Aim: Apatinib, a specific tyrosine kinase inhibitor (TKI) that targets mainly vascular endothelial growth factor receptor-2 (VEGFR-2) as well as Ret, c-Kit and c-Src, has been assessed in patients with advanced osteosarcoma (phase II), the primary report of which has been published in PMID 30559126. This sub-study explored the potential signs of Adverse Events (AEs) for apatinib-treated osteosarcoma.
Methods: Participants with advanced osteosarcoma progressing upon chemotherapy received apatinib until disease progression or unacceptable toxicity. Toxicities, progression-free survival (PFS), and clinical benefit rate (CBR) following treatment were evaluated.

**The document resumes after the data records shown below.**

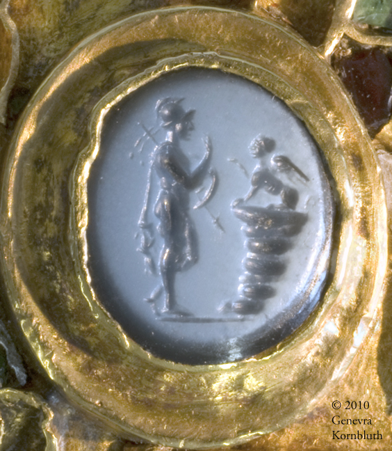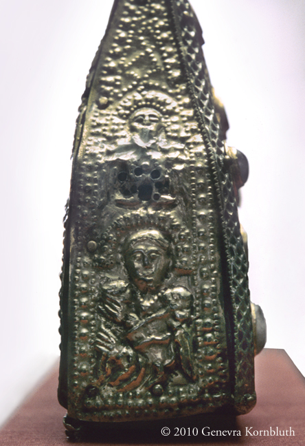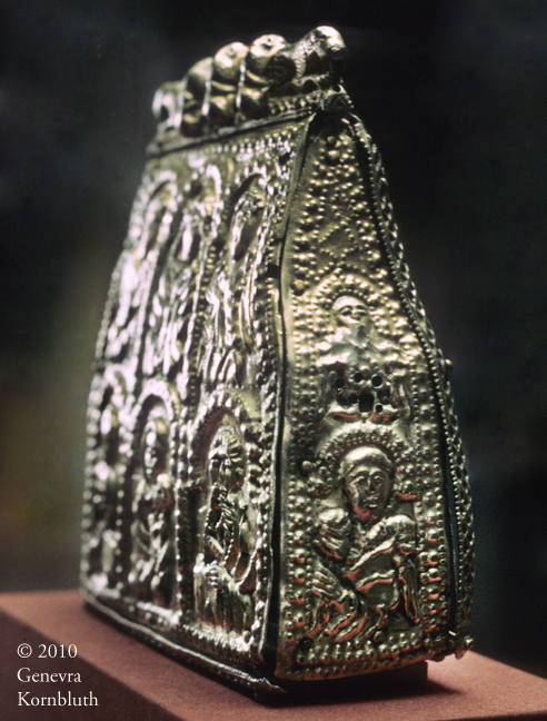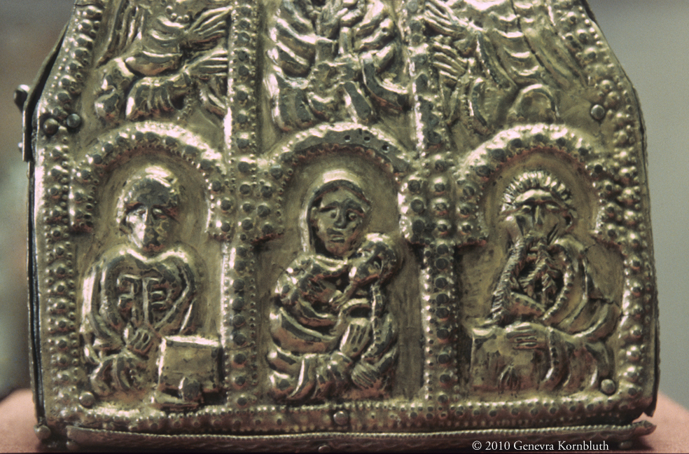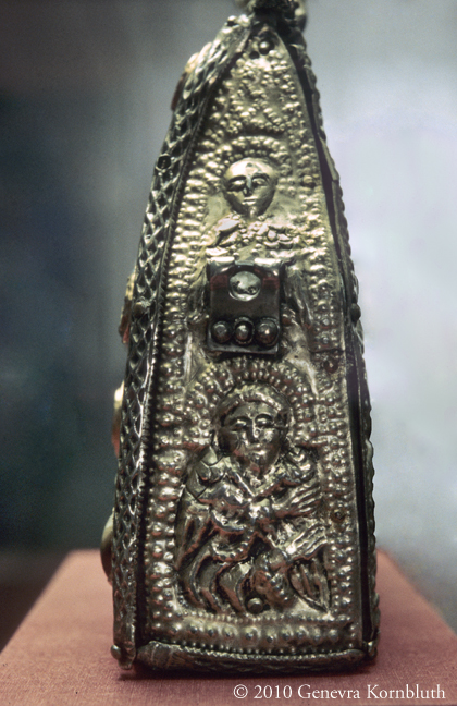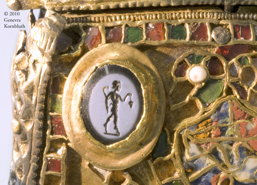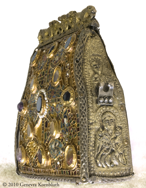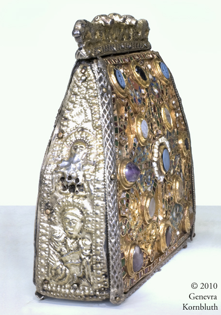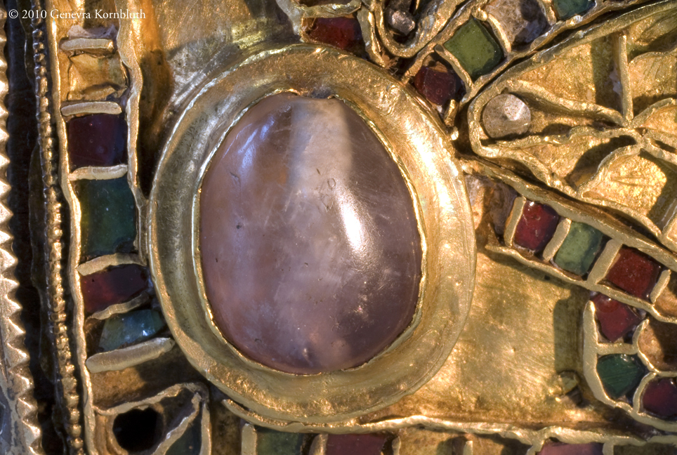 gold, silver gilt, enamel, glass and garnet inlay, and other gems on wood core
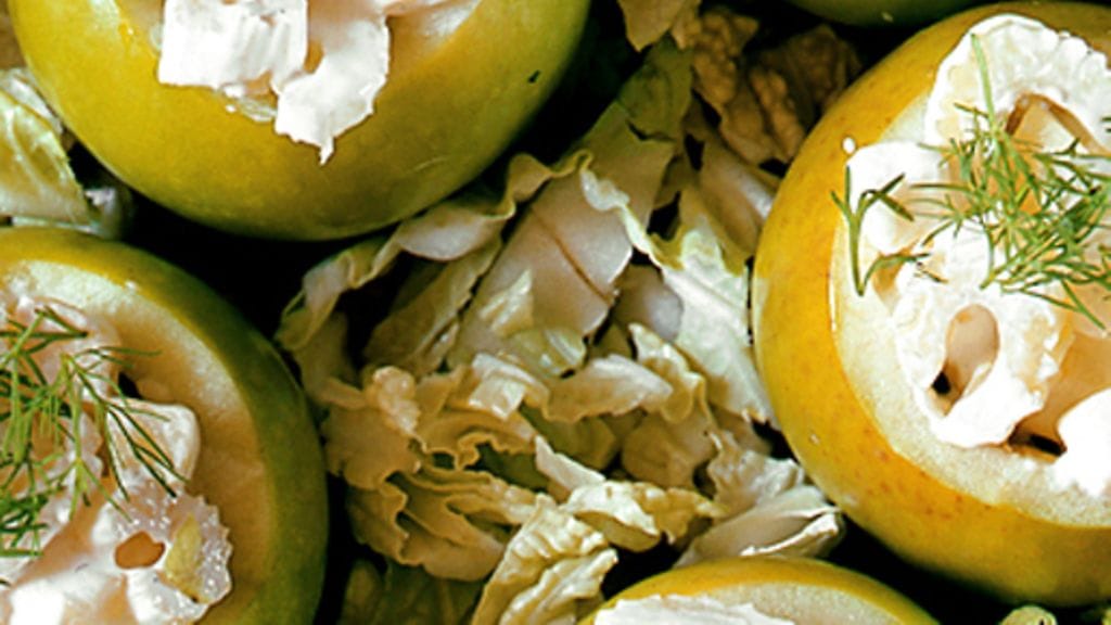 2. Suikaloi pari lehtisellerin vartta, kuutioi kurkku pieneksi ja viipaloi herkkusienet. Hienonna koverrettu omenan hedelmäliha. Sekoita kaikki kermaviilin kanssa kulhossa, mausta suolalla, pippurilla ja sitruunalla. Täytä omenat, koristele tillillä.
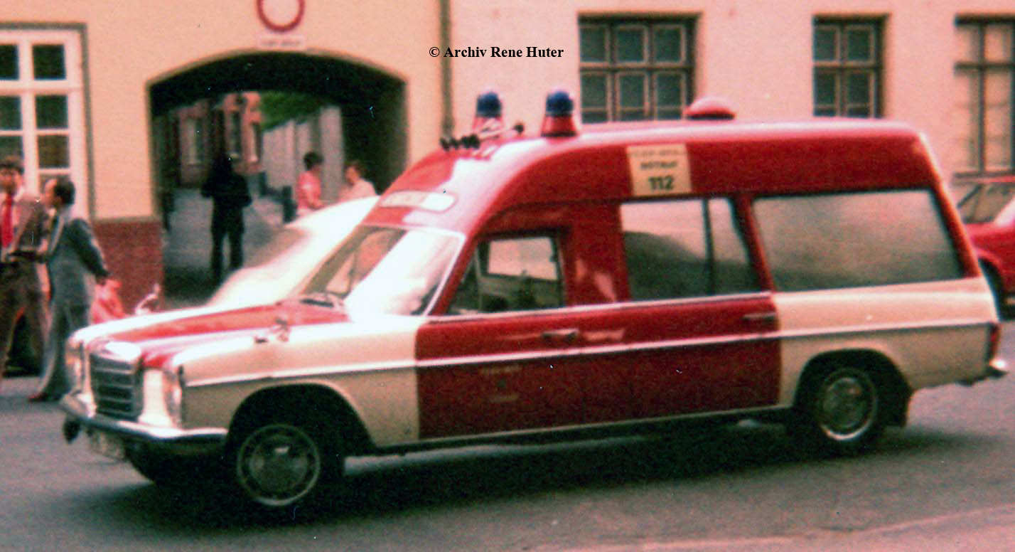 Hier geht es weiter mit einem Rettungswagen, der ursprünglich als KTW in Dienst gehen sollte. Da aber 1969 ein Unfallwagen auf Mercedes L 319 bei einer Einsatzfahrt verunfallte, wurde der KTW zum RTW umgerüstet und erhielt eine erweiterte Ausstattung. Es handelt sich um einen Mercedes 200/8 in hoch lang Ausführung. Lackiert war das Fahrzeug in RAL 3000 und in Weiß. Zusätzlich zu den Boschhörnern wurden auf dem RTW Presslufthörner montiert. Der RTW war auf Wache I stationiert und verrichtete seinen Dienst bis 1978. Es war der einzige RTW in dieser Ausführung bei der Feuerwehr Lübeck.
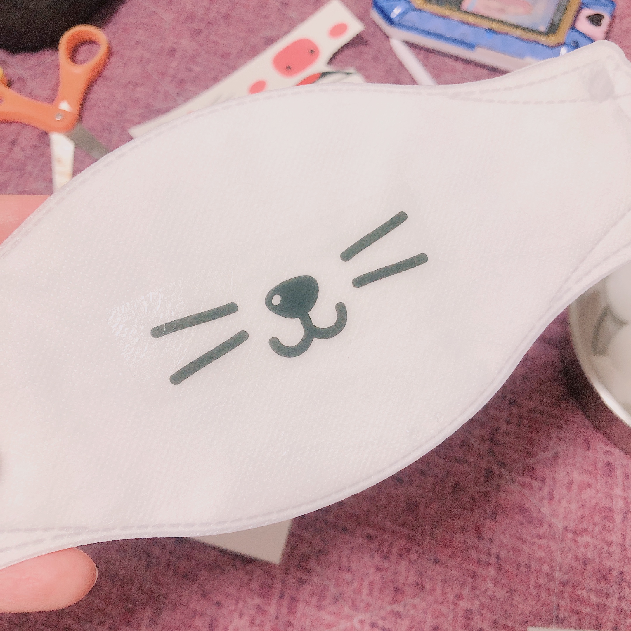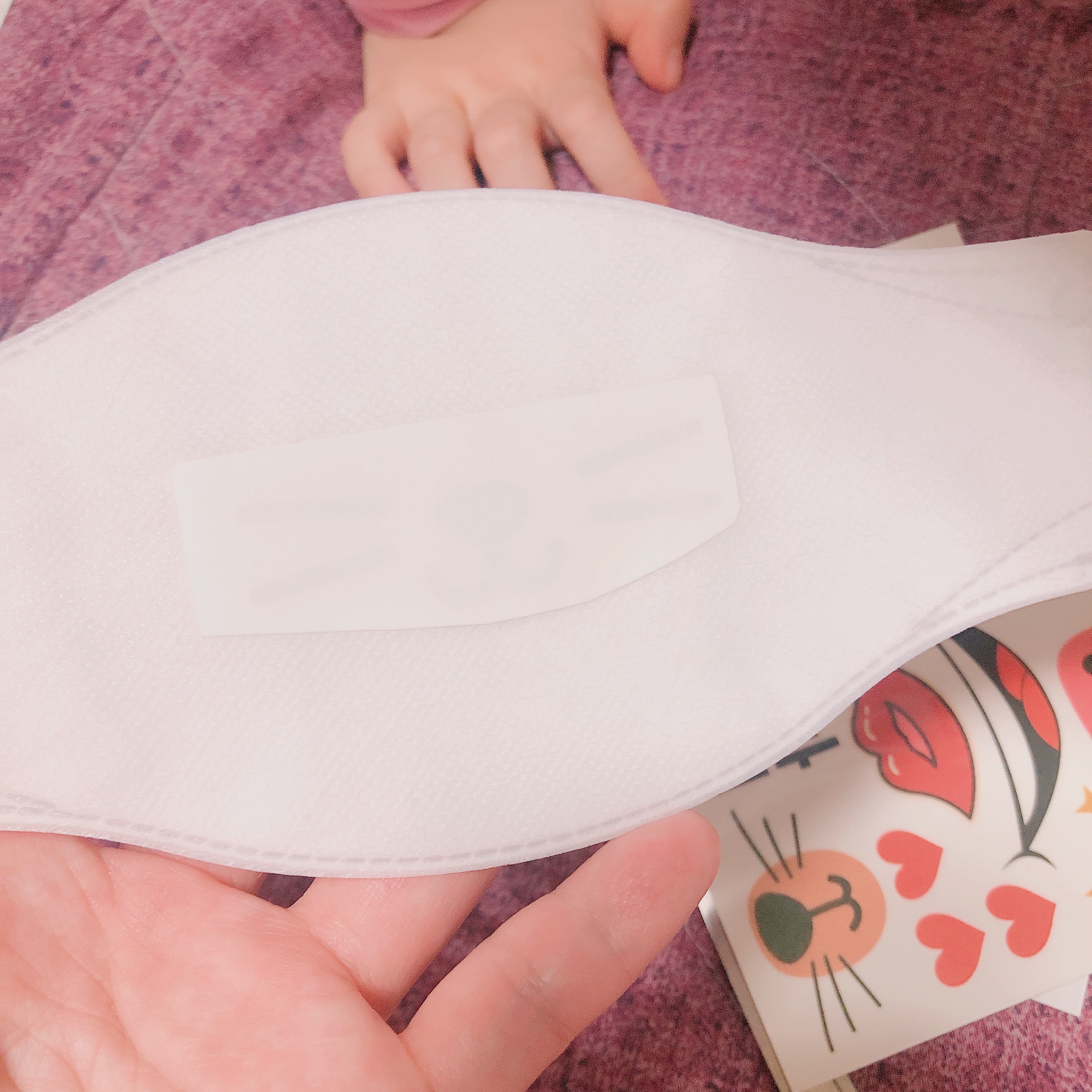 4. 조심스럽게 종이를 떼어내면 끝! 마스크에 판박이가 예쁘게 부착된 것을 확인할 수 있다.
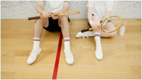 Two young adults sitting with vintage tennis rackets on a wooden floor, ready for a match.
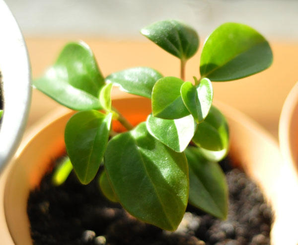 симпотяга! у меня тоже в августе того года появилась веточка из 3-4х листиков переперомии (только сорт чуть иной)- так сейчас ТАКАЯ уже разрослась! Причем веточку взяла у мамы, а на моей листья раза в 2 больше чем на ее теперь -стоит на северном окне и прет как на дрожжах тьфу тьфу)))
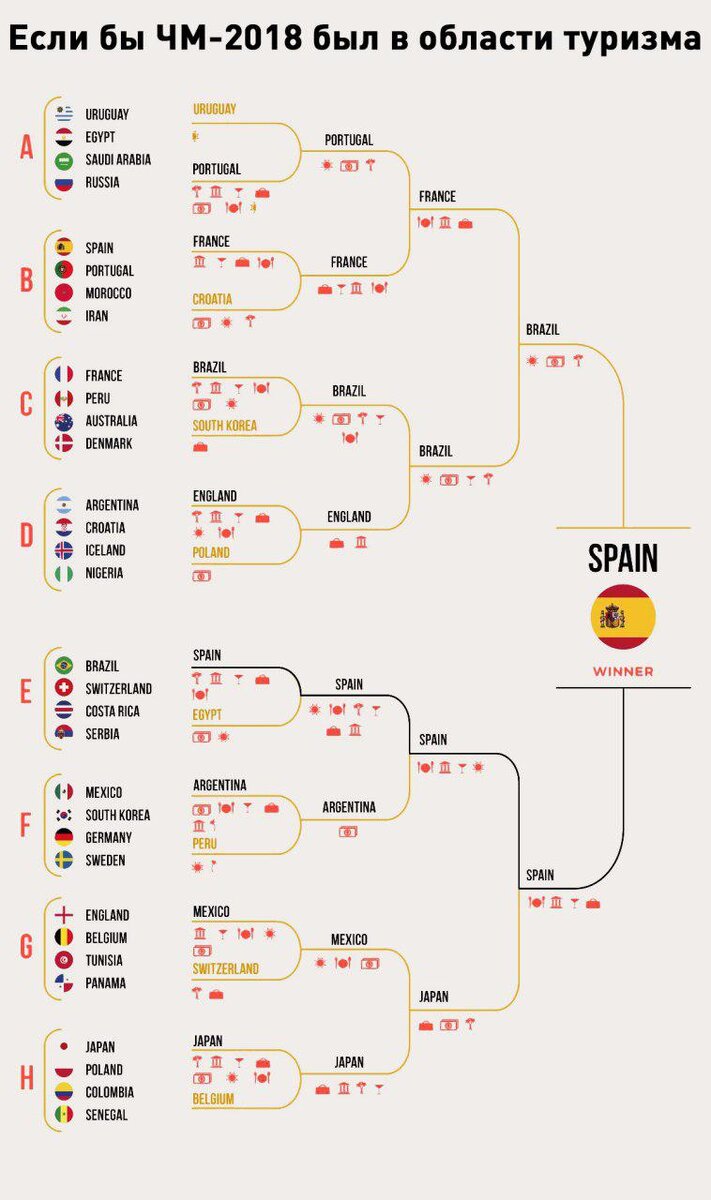Чемпионат мира по футболу 2018 года вышло всего восемь команд осталось и финал всего за неделю. В интернете, еще один Чемпионат мира по футболу спокойно работает свой путь к завершению, разработанный транспортной компанией Taxi2Airport. Чемпионат мира по путешествиям следует точно такому же процессу, как и чемпионат мира по футболу, но он сталкивает страны друг с другом на основе туристической привлекательности. Ваша страна может выставить хорошую футбольную команду, но насколько легко для посетителя найти идеальные пары местных вин с ужином? Как насчет посадки визы или найти быстрый транспорт из аэропорта в отель? Чемпионат мира по путешествиям начался со стран, объединенных в те же группы, в которых мы наблюдали за прогрессом команд в России за последние две недели. Каждая из 32 команд, прошедших квалификацию в FIFA, имела место в восьми группах и начинала соревнование на равных в этой группе. Факторами в пользу включенными кухни, погода, культура, ночная жизнь, шопинг и пейзажи. Б
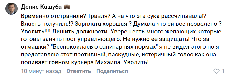 Вы готовы? Воздуха набрали? Задние ряды уже поняли. Предыдущую управляющую, Анастасию Черкасову, уволили за то, что она отказалась выгонять собаку. То есть выгнать блоховоза это была инициатива руководства, а из новой управляющей сделали козла отпущения.
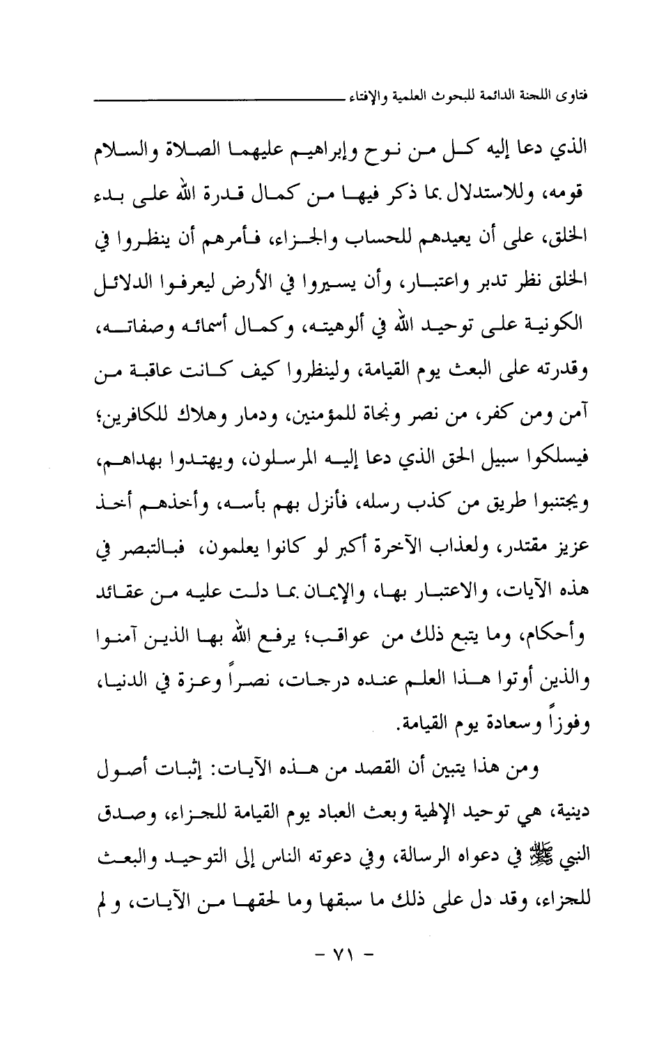 الذي دعا إليه كل من نوح وإبراهيم عليهما الصلاة والسلام قومه، وللاستدلال بما ذكر فيها من كمال قدرة الله على بدء الخلق، على أن يعيدهم للحساب والجزاء، فأمرهم أن ينظروا في الخلق نظر تدبر واعتبار، وأن يسيروا في الأرض ليعرفوا الدلائل الكونية على توحيد الله في ألوهيته، وكمال أسمائه وصفاته، وقدرته على البعث يوم القيامة، ولينظروا كيف كانت عاقبة من آمن ومن كفر، من نصر ونجاة للمؤمنين، ودمار وهلاك للكافرين؛ فيسلكوا سبيل الحق الذي دعا إليه المرسلون، ويهتدوا بهداهم، ويجتنبوا طريق من كذب رسله، فأنزل بهم بأسه، وأخذهم أخذ عزيز مقتدر، ولعذاب الآخرة أكبر لو كانوا يعلمون، فبالتبصر في هذه الآيات، والاعتبار بها، والإيمان بما دلت عليه من عقائد وأحكام، وما يتبع ذلك من عواقب؛ يرفع الله بها الذين آمنوا والذين أوتوا هذا العلم عنده درجات، نصرا وعزة في الدنيا، وفوزا وسعادة يوم القيامة.
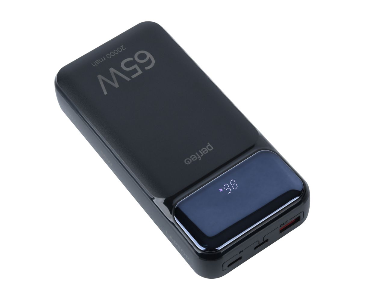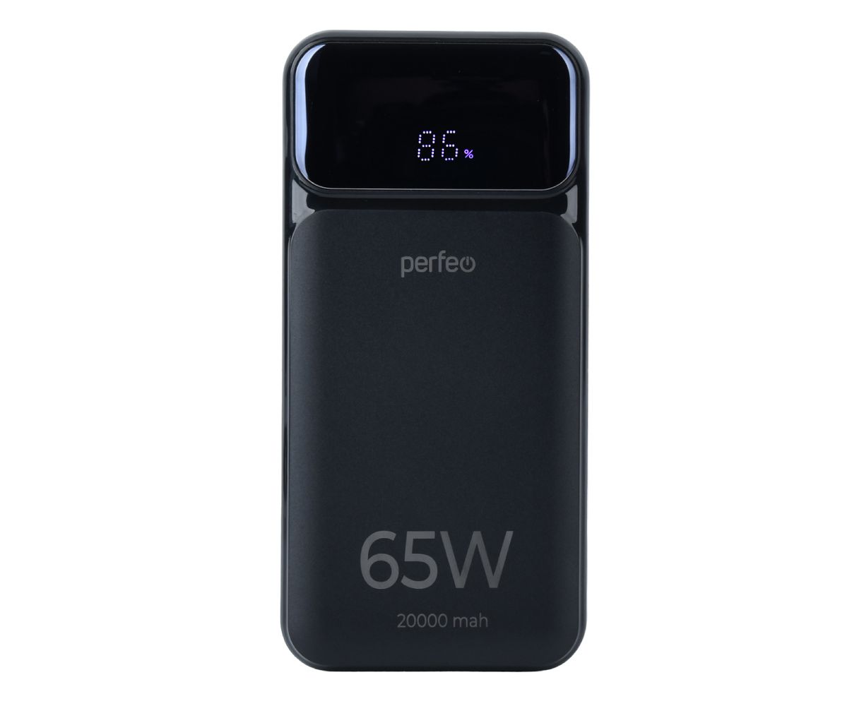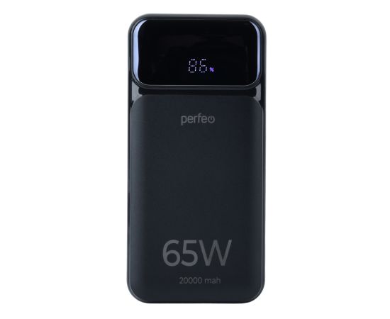 Powerbank Perfeo PF_E1636 Laptop 65W 20000mAh LED дисплей PD+QC 3.0 2Type-C 1 USB, max 65W Black

Results: Of the 41 patients recruited to the study, 37 received treatment and constituted the safety population. At data cut-off (December 30, 2017), median follow-up for safety was 7.37 (IQR, 6.33–11.07) months. The most common grade 3–4 AEs were pneumothorax (16.22%), wound dehiscence (10.81%), proteinuria (8.11%), diarrhea (8.11%), and skin reaction (8.11%). Only hypertension was an independent predictive factor for both PFS (hazard ratio [HR], 0.44; P = 0.07) and CBR (P = 0.07). Anorexia was also significantly related to a longer PFS in a Cox regression model (HR, 0.35; P =0.01). For CBR, pneumothorax and hypothyroidism showed more clinical benefit (P = 0.07 and 0.00, respectively).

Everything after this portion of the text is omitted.